Му Яньли холодно взглянула на него:

— Главе Цзян не обязательно говорить за него. Даже если он не имел намерений низвергнуть мир совершенствования, сотворенного им ранее зла более чем достаточно для того, чтобы препроводить его в Цитадель Тяньинь для дознания.

Закончив свою речь, она подняла руку и приказала стоящей за ее спиной страже:

— Арестуйте и уведите Мо Жаня.

— Подождите немного!

Му Яньли искоса глянула на Сюэ Чжэнъюна:

— Уважаемый хозяин Сюэ желает еще что-то сказать?

Лицо Сюэ Чжэнъюна то краснело, то бледнело — похоже, он и сам не совсем понимал, зачем остановил Му Яньли. И все-таки за столько лет он привык считать Мо Жаня частью своей семьи, поэтому не мог, сложив руки, наблюдать, как его вот так уводят люди из Цитадели Тяньинь.

Но что же он должен был сказать? Уговорить их остаться здесь еще на какое-то время?
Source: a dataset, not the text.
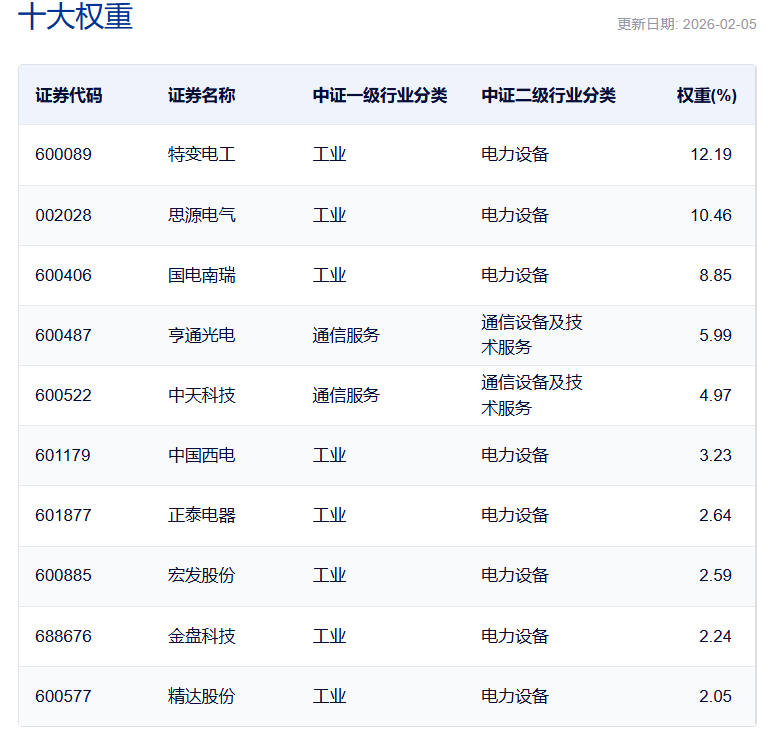 在全球能源转型持续深化、数字经济与实体经济加速融合的时代背景下,电力作为支撑各类产业运转的基础 能源,其需求结构与供给体系正经历深刻变革,行业整体迎来高质量发展的关键机遇期。而这一切的背后得 益于AI爆发带来电力需求、全球电网升级潮、国家电网4万亿投资的三重逻辑推动下: | 证券代码 | 证券名称 | 中证一级行业分类 | 中证二级行业分类 | 权重(%) | | --- | --- | --- | --- | --- | | 600089 | 特変电工 | 工业 | 电力设备 | 12.19 | | 002028 | 思源电气 | 工业 | 电力设备 | 10.46 | | 600406 | 国电南瑞 | 工业 | 电力设备 | 8.85 | | 600487 | 亨通光电 | 通信服务 | 通信设备及技 术服务 | 5.99 | | 600522 | 中天科技 | 通信服务 | 通信设备及技 术服务 | 4.97 | | 601179 | 中国西电 | 工业 | 电力设备 | 3.23 | | 601877 | 正泰电器 | 工业 | 电力设备 | 2.64 | | 600885 | 宏发股份 | TV ...

Сюэ Чжэнъюн закрыл глаза, пытаясь справиться с нервной зубной дробью. В этот момент ему казалось, что он продрог до костей. Словно какую-то очень важную вещь вырезали из его сердца, и теперь на ее месте образовалась источающая ледяной холод пустота.

Он уткнулся лицом в ладони. Этот человек всегда был статным, жизнерадостным и полным сил, но сейчас в одно мгновение вдруг разом сгорбился и постарел.

— Уважаемый глава Сюэ желает сказать несколько напутственных слов своему племяннику?

По натуре своей Му Яньли была весьма язвительной и безжалостной женщиной, вот и сейчас, умышленно или нет, но она сделала акцент на этом «племянник», заставив Сюэ Чжэнъюна затрепетать, подобно подхваченной порывом ветра пушинке.

— Я… — у Сюэ Чжэнъюна перехватило горло. — Жань-эр… Мо Жань…

Теперь он даже не знал, как его называть. Однако Мо Жань не хотел и дальше ставить его в затруднительное положение. Закрыв глаза, он сделал шаг вперед и, не проронив ни слова, повернулся к Сюэ Чжэнъюну, чтобы преклонить колени и почтительно поклониться ему до земли.

Трижды он поклонился и каждый раз трижды коснулся лбом пола[263.1].

Кто-то прошептал:

— Подождите, зачем он вообще это делает?

— Да просто строит из себя святую невинность…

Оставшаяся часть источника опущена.